But all the factors that made Nurmagomedov a favourite in that fight — athletic fluidity, suffocating grappling, a diverse kicking game — still exist, and Khabib’s cousin rebounded upon his October return with a convincing victory over Mario Bautista, who had won eight straight and is not easy to look good against.
Nurmagomedov remains one of bantamweight’s top contenders, and if he can cruise past Figueiredo — another accomplished grappler with fierce Muay Thai — he’ll return to the cusp of a title shot. Helping matters is that the belt is now held by Petr Yan, a fresh matchup for Nurmagomedov in UFC’s most stacked division.
Of course, no one should count out Figueiredo, who will be fighting for his career. At 38, and with recent losses to Yan and Cory Sandhagen on his resume, the former flyweight champion can’t afford to drop this fight. If he does, retirement may beckon. He’ll be throwing everything he has at Nurmagomedov — a dangerous proposition considering Figueiredo has as much power as anyone in the division.
There’s a slim title-shot path here if Figueiredo can finish Nurmagomedov impressively and get a bit of luck in the way of a Song Yadong victory over O’Malley. In that situation, the UFC may want to make the most of what the veteran has left and get him into a championship fight quickly. As always in MMA, we can’t rule anything out. Dvalishvili and Nurmagomedov showed why a year ago.

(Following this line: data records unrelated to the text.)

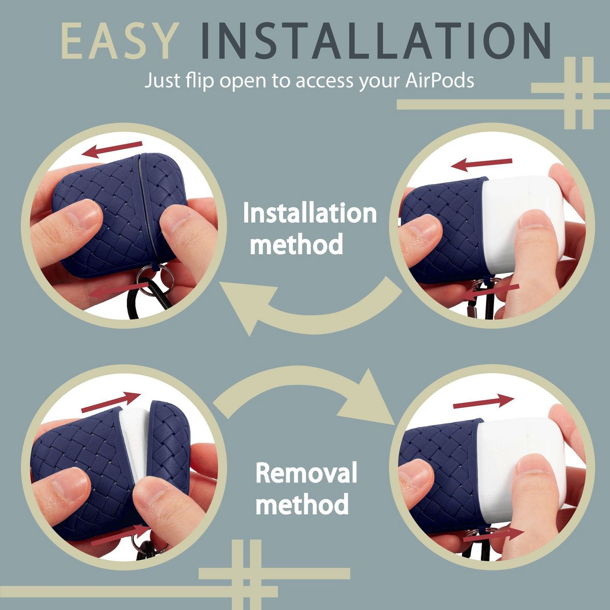 The Insten cute and cool weave shape TPU carrying case pouch covers compatible with Apple AirPods 1st Generation and 2nd Generation for man, woman, boys, girls, men and women is a perfect accessory to protect your airpods 1 and 2’s wireless charging case. These Airpod accessories are durable. It offers great protection and supports wireless and wired charging of Apple earbuds. Accessory only; device not included. Apple, iPhone®, iPad®, iPod® are registered trademarks of Apple, Inc. Apple does not endorse the use of these products. Product names are trademarks of listed manufacturers or other owners, and are not trademarks of eForCity Corp. The manufacturer does not necessarily endorse the use of these products.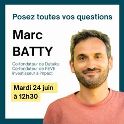 01:02:07|Marc Batty est ingénieur agronome de formation, mais c’est dans le monde de la tech qu’il fait ses premières armes. En 2013, il co-fonde Dataiku, l’une des pépites françaises de l’intelligence artificielle, aujourd’hui devenue une licorne internationale.Après plusieurs années dans cet univers en hypercroissance, Marc ressent le besoin de se recentrer. L’urgence écologique, les limites du progrès technologique déconnecté du vivant, la quête de sens : autant de questionnements qui le poussent à revenir à ses racines agronomiques.En 2021, il co-fonde FEVE (Fermes en Vie), une entreprise à impact qui facilite l’installation d’une nouvelle génération d’agriculteurs sur des fermes agroécologiques. Avec une conviction forte : la transition agricole est un levier majeur pour répondre aux défis environnementaux, sociaux et alimentaires de notre époque.Marc est également investisseur à impact, engagé aux côtés de projets qui conjuguent performance économique et utilité sociale ou environnementale.👉 Lors de cette session, il reviendra sur son parcours atypique, ses remises en question, et sa vision d’un avenir désirable où tech, écologie et agriculture peuvent (et doivent) se rencontrer.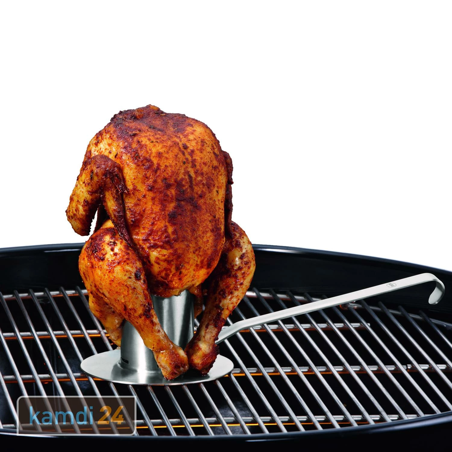 Ein rundherum knuspriges Hähnchen grillen Sie am besten mit dem . Angelehnt an die Bierdosenmethode können Sie den Bräter mit 250 ml Bier, Marinade oder anderen Flüssigkeiten zur Aromatisierung des Geflügels füllen. Der Griff ist leicht abnehmbar und lässt sich an vier verschiedenen Positionen einstecken.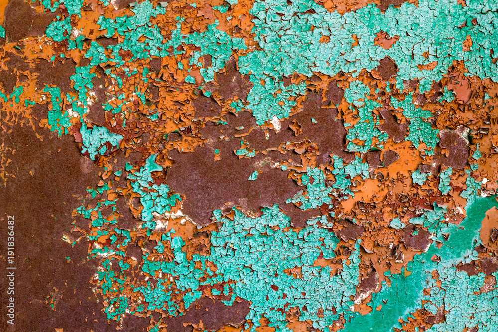 Old green paint on the metal and drips of rust. grunge vintage texture for background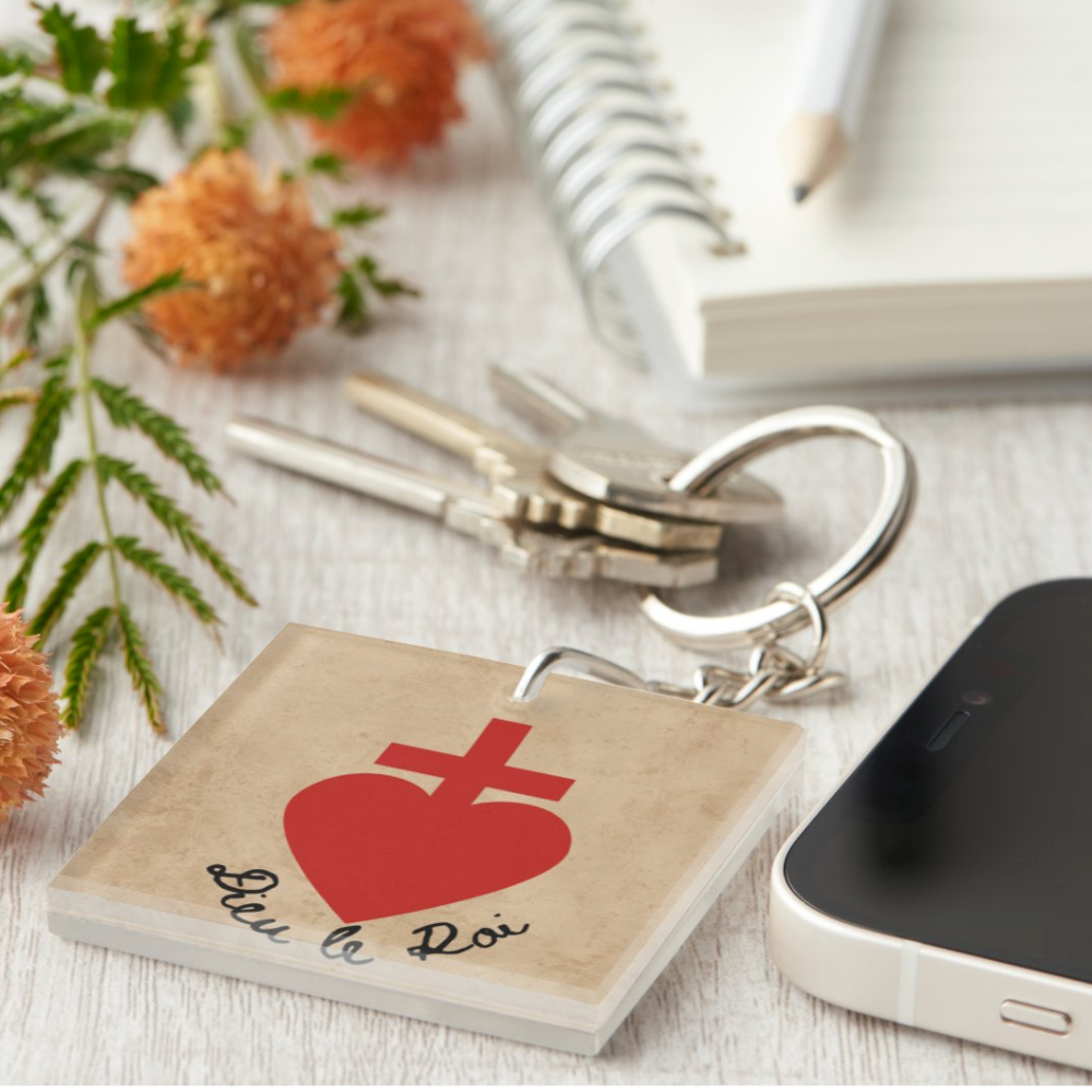 Celebrate your love of the Sacred Heart with this keychain! Front features a Vendeé badge with the French words “God the King” while on the back are written the words “Behold this heart which has so loved the world.”

Anthony Hernandez vs. Sean Strickland
UFC Fight Night, Feb. 21
UFC’s middleweight division could get very interesting in 2026 if the company can goad a bit more activity out of its top fighters. New champion Khamzat Chimaev has fought only once each of the last three years. And the four champions prior — Dricus du Plessis, Sean Strickland, Israel Adesanya and Robert Whittaker — fought just five times combined in 2025.
That has left a rising crop of new challengers hungry for name-brand opponents to prove themselves against — Anthony Hernandez prime among them. The 32-year-old is 8-0 since 2021, with six finishes and four performance-of-the-night bonuses along the way. With relentless forward pressure, effective grappling and a suite of chokes from various positions, he possesses an array of fashions to beat you regardless of where a fight goes.
It could be a style that finally gives the dominant Chimaev a meaningful challenge, but we won’t get to find out until Hernandez is tested against stiffer competition. And a clash with Strickland, whose tight defence and range striking is a fascinating contrast to Hernandez’s pressure, is a great one to start 2026.
Brian Ortega vs. Renato Moicano
UFC 326, March 7
Brian Ortega’s move to lightweight has seemed in the cards for years now after his rise stalled out in a pair of unsuccessful featherweight title shots against future hall-of-famers Max Halloway and Alexander Volkanovski. And after a bad miss on the scales last August before being thoroughly outclassed over five rounds by Aljamain Sterling, the 34-year-old is finally making the jump as he seeks to revive his sputtering career in a new division.
His first opponent will be a familiar one in Renato Moicano, who Ortega submitted in 2017 at 145 pounds. The Brazilian veteran has settled into a lightweight gatekeeping role since and ought to be a good first test of how Ortega’s game will transfer up without such a dramatic weight cut. Durable and well-rounded, Moicano can goad some activity out of Ortega — a notorious slow starter — with early volume and won’t be afraid to test his mettle grappling with one of the slicker jiu-jitsu artists in the sport.
That’s where this fight can become a lot of fun. Both fighters are active threats from a variety of positions on the mat, which could produce some entertaining entanglements and scrambles. It’s a great matchup for Ortega to re-establish his strengths and assert himself as a threat in a new division.
Reiner de Ridder vs. Caio Borralho
UFC 326, March 7
Like with Hernandez, one of these two could quickly enter the middleweight title picture with a strong start to the year following momentum-halting setbacks late in 2025.
Borralho was undefeated in his first seven UFC fights before running into Nassourdine Imavov, whose command of distance, technical striking and takedown defence neutered him over five frustrating rounds in Paris last September.
Meanwhile, the former two-division One champion de Ridder had as much momentum as anyone in the company, speed-running through his first four UFC fights — three stoppages and a split decision victory — before biting off more than he could chew and gassing out against Brendan Allen midway through his fifth fight in 12 months.
That makes a win in this UFC 326 clash extremely important for both, lest they get left behind the crowded group atop the division. The next move for whoever loses may be up to light heavyweight, where a path to the belt is much clearer.